I am experimenting Piece-Wise Exponential Model for survival data. What is the best way to fit the model? Is there an existing package?
3 Answers
You basically just need to transform the data to a suitable format. Then you can estimate the piece-wise constant baseline hazard using penalized splines. If you assume that the true, underlying hazard is smooth, you can improve the approximation by icreasing the number of intervals/reducing interval lengths (the cut argument below). More info (with R examples) on estimating the baseline hazard with PEMs/PAMMs can be found here: https://adibender.github.io/pammtools/articles/baseline.html
An example with R below:
## install the pammtools package for data transformation and example data
devtools::install_github("adibender/pammtools")
library(pammtools)
library(survival)
library(ggplot2)
theme_set(theme_bw())
library(mgcv)
# load example data
data(tumor)
## transform to piece-wise exponential data (PED)
ped_tumor <- as_ped(Surv(days, status) ~ ., data = tumor, cut = seq(0, 3000, by = 100))

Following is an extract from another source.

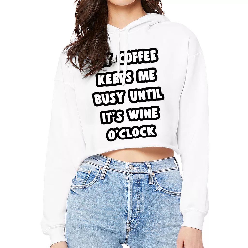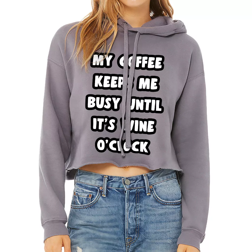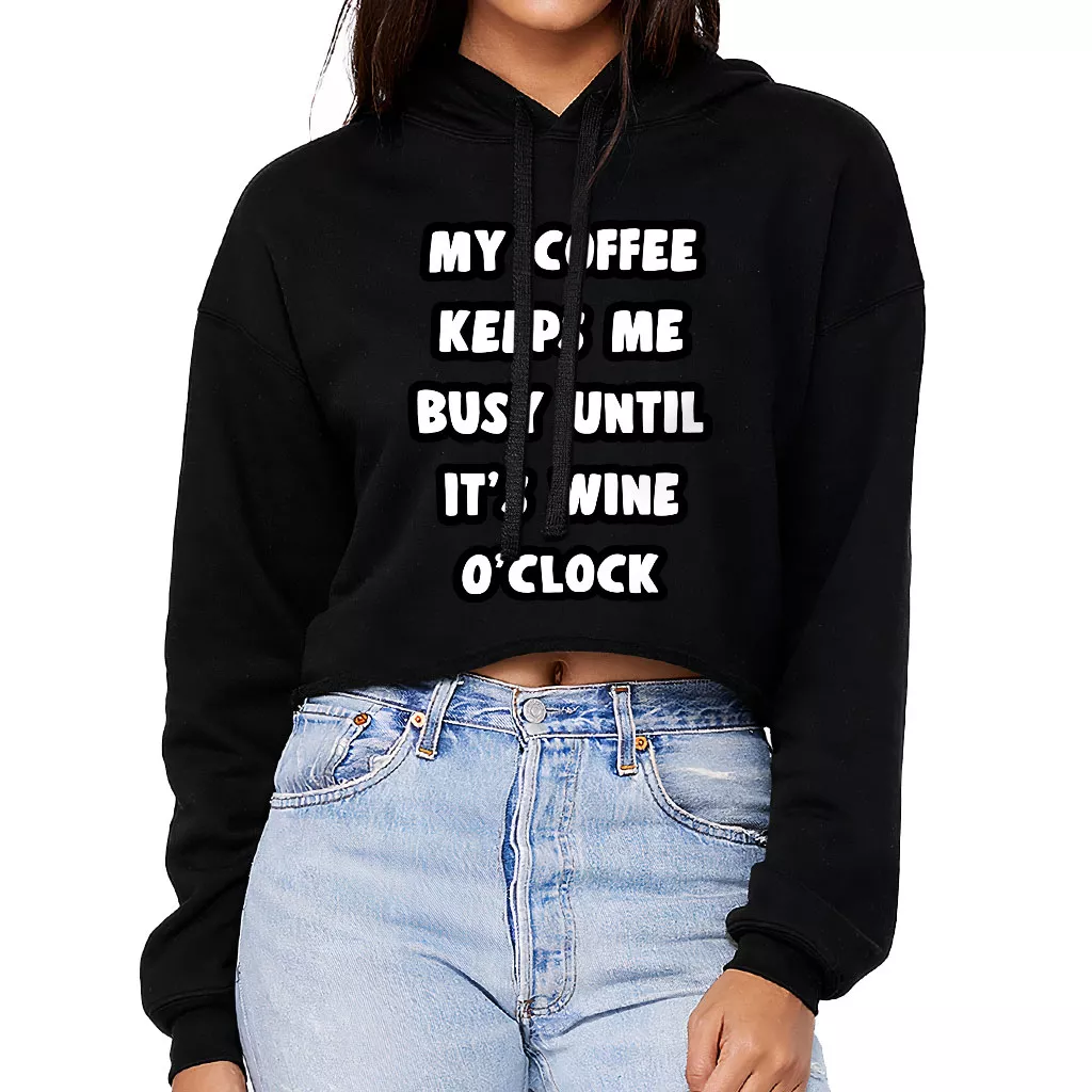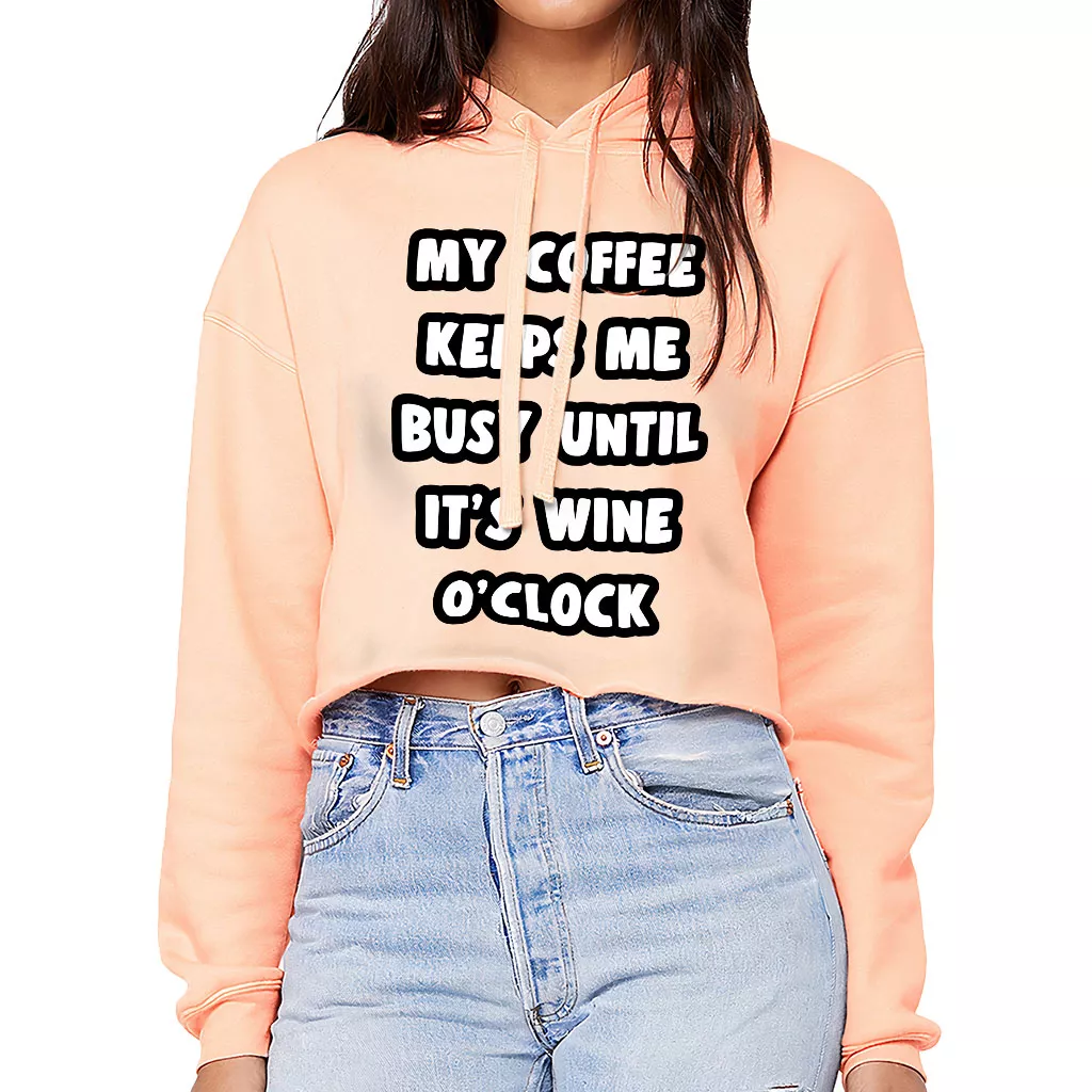 Coffee Until Wine Women’s Cropped Hoodie – Funny Cropped Hoodie – Cool Hooded Sweatshirt

# Fit the Piece-wise-exponential Additive Model (PAM) instead of PEM
# with piece-wise constant hazards, term s(tend), and constant covariate effects:
pam <- mgcv::gam(ped_status ~ s(tend) + age + sex + complications,
data = ped_tumor, family = poisson(), offset = offset)
summary(pam)
## plot baseline hazard:
ped_tumor %>%
make_newdata(tend=unique(tend), age = c(0), sex = c("male"), complications=c("no")) %>%
add_hazard(pam) %>%
ggplot(aes(x = tstart, y = hazard)) +
geom_stepribbon(aes(ymin = ci_lower, ymax = ci_upper), alpha = 0.2) +
geom_step()
- 527
-
I used your code to perform a similar analysis. I obtained hazard rate from add_hazard. How would you interpret hazard = 0.02 given that age = 20, sex = female, and tend = 100? I interpreted this as the expected number of deaths the female cohort at age 20 would experience death during the interval 0-100 days is 0.02 but that doesn't make much sense...Thank you. – Meo Sep 07 '18 at 21:55
-
@Meo
add_hazardreturns the hazard rate, which is the probability of having an event (given covariate specification) in interval 0-100, divided by the length of the interval. You usually interpret the hazard rate by comparison with hazard rates with other covariate specifications (e.g. males vs. femaies to see which covariate specification has higher hazard), for example by calculating the hazard ratio. – adibender Sep 09 '18 at 16:23 -
Hi adibender, I was trying to replicate the result for a paper where they plotted the hazard rates but using a different dataset. The confidence interval in my codes exceeded 1, which is why I am having a hard time explaining it in my report. Hence my question. Thank you so much for your reply and your R package- very helpful! – Meo Sep 10 '18 at 22:14
-
@Meo In general, the hazard rate ca be > 1, thus upper CI with values of > 1 can also occurr. Glad I could help. If you have other questions or want to collaborate on survival projects you can also drop me an email (see contact details on the package homepage) – adibender Sep 11 '18 at 06:26
in order to get a satisfying answer, you should provide some details about the context and problem for which you want to run a piecewise Exponential model. There are several packages which might address your problem and each of them has its own peculiarity. You may want to look at the CRAN Task View on Survival Analysis where you can have several references.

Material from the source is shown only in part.